WWR Article Summary (tl;dr) In spite a case of the nerves, entrepreneur Angela Horevitz, who created "Bakers Sto N Go", walked away with a deal to sell her carriers for baked goods in Walmart. Horevitz was among 700 companies invited to pitch their products to the retail giant.

The Miami Herald

Baked goods containers that allow you carry stacks of frosted brownies at a time, old-fashioned soaps with natural ingredients and a frozen food line of Hispanic cuisine -- these South Florida-born products caught the eye of retail giant Walmart during its fourth annual Open Call, an event that gives American suppliers face time with Walmart buyers.

Fort Lauderdale-based Bakers Sto N Go, Terra Beauty Products in Deerfield Beach and Mi Savor Latino in Medley were among more than 700 companies invited to pitch their products on June 28 at Walmart headquarters in Bentonville, Arkansas, said Twila Brooks, vice president of division merchandise management at Walmart.

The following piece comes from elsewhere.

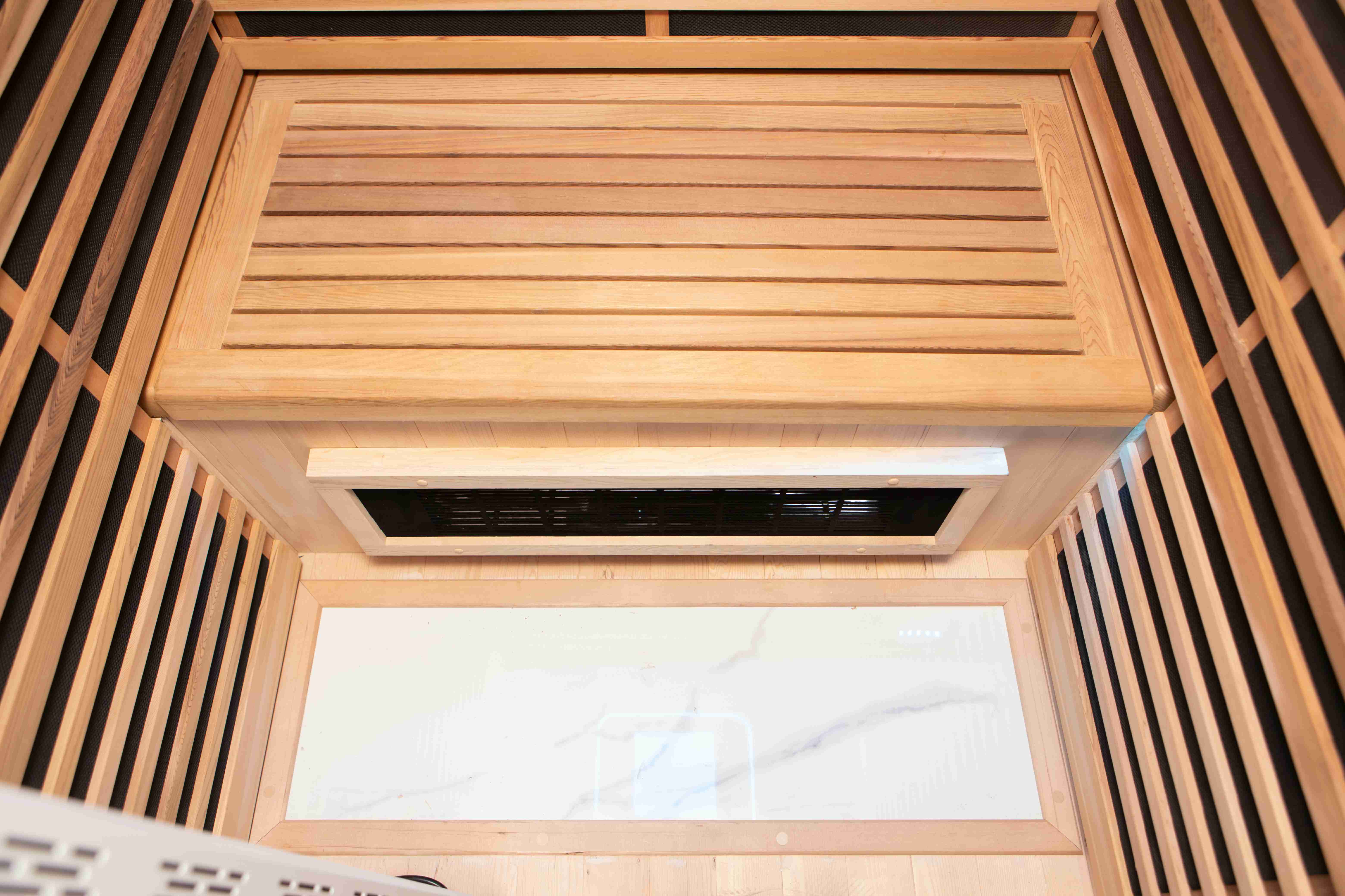 6/8мм закалённое стекло, создающее ощущение открытости внутри сауны |

All three local South Florida businesses left their 30-minute pitch sessions with deals to sell their products in Walmart stores. Details of the deals have yet to be finalized.

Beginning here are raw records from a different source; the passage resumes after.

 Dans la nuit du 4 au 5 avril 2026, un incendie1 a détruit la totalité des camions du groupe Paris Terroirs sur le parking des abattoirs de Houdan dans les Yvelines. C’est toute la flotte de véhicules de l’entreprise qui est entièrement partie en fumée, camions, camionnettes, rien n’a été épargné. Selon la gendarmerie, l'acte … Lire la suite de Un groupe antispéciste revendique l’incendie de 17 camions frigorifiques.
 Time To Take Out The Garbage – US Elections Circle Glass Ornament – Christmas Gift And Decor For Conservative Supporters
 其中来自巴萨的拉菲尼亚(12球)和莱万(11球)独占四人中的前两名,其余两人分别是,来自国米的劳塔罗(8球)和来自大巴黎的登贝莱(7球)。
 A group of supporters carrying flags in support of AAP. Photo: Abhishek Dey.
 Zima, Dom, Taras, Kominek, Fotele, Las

"Our goal is to open up our doors and meet with entrepreneurs ... from sole entrepreneurs up to large corporations," Brooks said. "It's our way to streamline the process. What better way to give our suppliers to give that answer on the spot?"

Despite her nerves, Angela Horevitz, of Bakers Sto N Go, said that her talk with six Walmart buyers was "the most comfortable meeting" she had ever had.

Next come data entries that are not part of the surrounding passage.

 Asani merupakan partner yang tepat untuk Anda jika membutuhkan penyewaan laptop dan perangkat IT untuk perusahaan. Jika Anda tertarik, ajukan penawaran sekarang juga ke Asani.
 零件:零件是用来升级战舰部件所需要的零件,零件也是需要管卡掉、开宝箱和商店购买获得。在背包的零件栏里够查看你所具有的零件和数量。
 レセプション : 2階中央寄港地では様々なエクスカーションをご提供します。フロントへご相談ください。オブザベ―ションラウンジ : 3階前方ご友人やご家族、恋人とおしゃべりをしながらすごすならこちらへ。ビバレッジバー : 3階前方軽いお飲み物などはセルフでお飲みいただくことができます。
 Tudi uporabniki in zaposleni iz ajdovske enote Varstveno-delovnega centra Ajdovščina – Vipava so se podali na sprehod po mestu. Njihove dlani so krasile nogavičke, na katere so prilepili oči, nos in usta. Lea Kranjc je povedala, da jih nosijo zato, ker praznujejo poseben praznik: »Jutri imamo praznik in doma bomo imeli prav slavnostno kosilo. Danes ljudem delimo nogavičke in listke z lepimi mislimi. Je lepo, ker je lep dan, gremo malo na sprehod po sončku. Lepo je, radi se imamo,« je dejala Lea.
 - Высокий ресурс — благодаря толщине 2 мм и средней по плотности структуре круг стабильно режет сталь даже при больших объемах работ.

"I told [the specialized buyer] I was going to be her favorite product in her category," she said.

Horevitz's carriers for baked goods come with adjustable shelves, which allows someone to transport multiple pies or cakes safely. She prepared for her pitch by doing market research on baked goods and baking carriers. She then bought Walmart cookies, brownies and bundt cakes that she worked into the demo of her baked goods carrier.

With Walmart as her main account, Horevitz said she would be able to produce her carriers, made at an injection molding factory in Delray Beach, on a continuous basis rather than order by order.

Although prices at Walmart have not been set, she said this would allow the factory to hire more workers while she could sell her carriers at a lower price. The basic model currently retails for $16.95 online.

"This is an amazing thing that Walmart is doing by supporting American-made products," Horevitz said. "It's going to create jobs."

The Open Call is part of Walmart's campaign to buy an additional $250 billion in products that are made, assembled, sourced or grown in the United States by 2023. The company reported $485 billion in revenue its last fiscal year, and processes and distributes goods from more than 100,000 global suppliers in 176 distribution facilities, according to Walmart's most recent 10-K.

Walmart was criticized by advocacy group Truth in Advertising Inc. in 2016 for labeling more than 100 items as "Made in America" when the products stated otherwise on the packaging or elsewhere on the website. Walmart disputes the claim, saying two-thirds of what it spends on merchandise goes to products made, assembled or sourced in the U.S.

For Mi Savor Latino, a family business that supplies Hispanic food to grocery stores on the East Coast, the Walmart deal means it can add a frozen food line to its current selection of made-in-Miami empanadas, Carlos Perez Jr. said.

Perez, his father and their broker pitched their products to Walmart in a kitchen where they baked, fried and plated their empanadas for the buyers to taste.

Perez said he put special effort into the packaging design to look fresh and upscale, he said. "I wanted to be different from everyone else in the freezer aisle."

While order sizes have not been set, Perez said that Mi Savor Latino frozen foods would first debut at Walmart stores along the East Coast.

For Terra Beauty Products, the Open Call was a chance for the company to move from online into stores, said Fernanda Dondoni Gomes, one of three sisters behind the company.

In recent years, Gomes said she and her sisters noticed increased interest in green beauty products. They also saw an uptick in demand for the "sustainable, natural" soap that her family made on their farm in Brazil.

The sisters and their staff produce about 3,000 beauty products to order each month in a Deerfield Beach warehouse, then sell their products online. With Walmart on board, they can continue producing at the same scale while Walmart tests their products in 100 stores.

"It's really exciting for us," Gomes said. "We're excited to see that kind of American dream keep growing for our family."